Na área cardiológica, os avanços também são rápidos e permanentes, desde os transplantes e a descoberta de novos medicamentos para evitar a rejeição, passando pelos stents – que, em muitos casos, evitam as cirurgias mais invasivas -, cirurgia robótica, corações mecânicos e outros tratamentos cada vez mais eficientes. Se o paciente contribuir com uma existência saudável, essa bomba de sangue do organismo seguramente vai sobreviver por mais de cem anos, sem sobressaltos.
E tudo leva à prevenção. Como o Tricorder, em vias de chegar ao mercado - um aparelho portátil para autodiagnosticar condições médicas e coletar sinais vitais básicos em questão de segundos. Ele pode, por exemplo, digitalizar a retina, colher amostra de sangue ou medir a respiração – e ainda analisar 54 biomarcadores para identificar doenças.
Nem o humor e a mentira vão escapar. O aplicativo "Moodies" poderá mostrar se o portador está bem ou mal-humorado. E em 2020 haverá aplicativos para revelar, por meio de expressões faciais, se alguém está mentindo. Basta imaginar um debate político...
Em breve não precisaremos mais de automóveis, a locomoção será por carro autônomo. Na verdade, vamos precisar de 90 a 95% menos de carros e os estacionamentos poderão virar parques. O mais importante: um milhão de vidas será salvo em razão disso. Hoje, um milhão e duzentas mil pessoas morrem a cada ano em acidentes de trânsito em todo o mundo – o que equivale a um acidente a cada cem mil quilômetros. Com a condução autônoma, esse número deve cair para um acidente a cada dez milhões de quilômetros. As principais indústrias automobilísticas serão Tesla, Apple, Google.

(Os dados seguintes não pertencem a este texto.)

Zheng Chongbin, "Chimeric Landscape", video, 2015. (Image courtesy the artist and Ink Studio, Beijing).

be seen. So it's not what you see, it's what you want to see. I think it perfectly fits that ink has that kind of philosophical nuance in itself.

Em seu livro “Crônicas de uma Sociedade Líquida”, Umberto Eco dizia que “continuamos a acreditar que vivemos numa época em que a técnica dá passos gigantes e diários... mas refletimos com menor frequência sobre o fato de que o aumento do tempo médio de vida é o maior avanço da humanidade”.

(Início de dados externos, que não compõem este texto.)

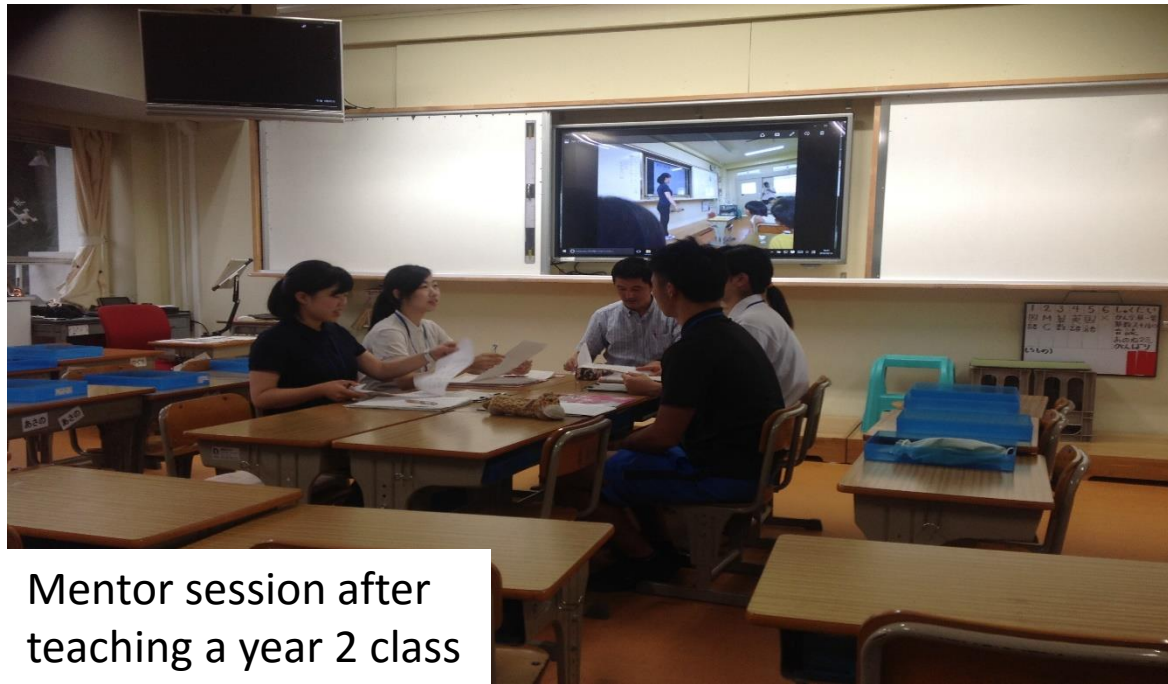
Mentor session after teaching a year 2 class

An example of one of the Japanese feedback sessions observed.

E lembrava: “Os computadores já eram anunciados pela máquina calculadora de Pascal, que morreu aos 39 anos e já era considerada uma bela idade. A propósito, Alexandre Magno e Catulo morreram aos 30, Mozart aos 36, Spinoza aos 45, São Tomás aos 49, Shakespeare e Fichte aos 52, Descartes aos 54 e Hegel, velhíssimo, aos 61”. Umberto Eco morreu em fevereiro do ano passado aos 84 anos.
Como se vê, a tecnologia apressa a chegada das coisas, mas o que importa mesmo é alongar a vida dos homens, sem nenhum milagre à vista no periscópio. O que há é muita inteligência a serviço do bem-estar da civilização. Que não funciona, sem a batida firme do coração.
E se assim é, façamos um brinde aos cem anos.
(*) Américo Tângari Junior é especialista em cardiologia pela Sociedade Brasileira de Cardiologia, Associação Médica Brasileira e da BP - A Beneficência Portuguesa de São Paulo.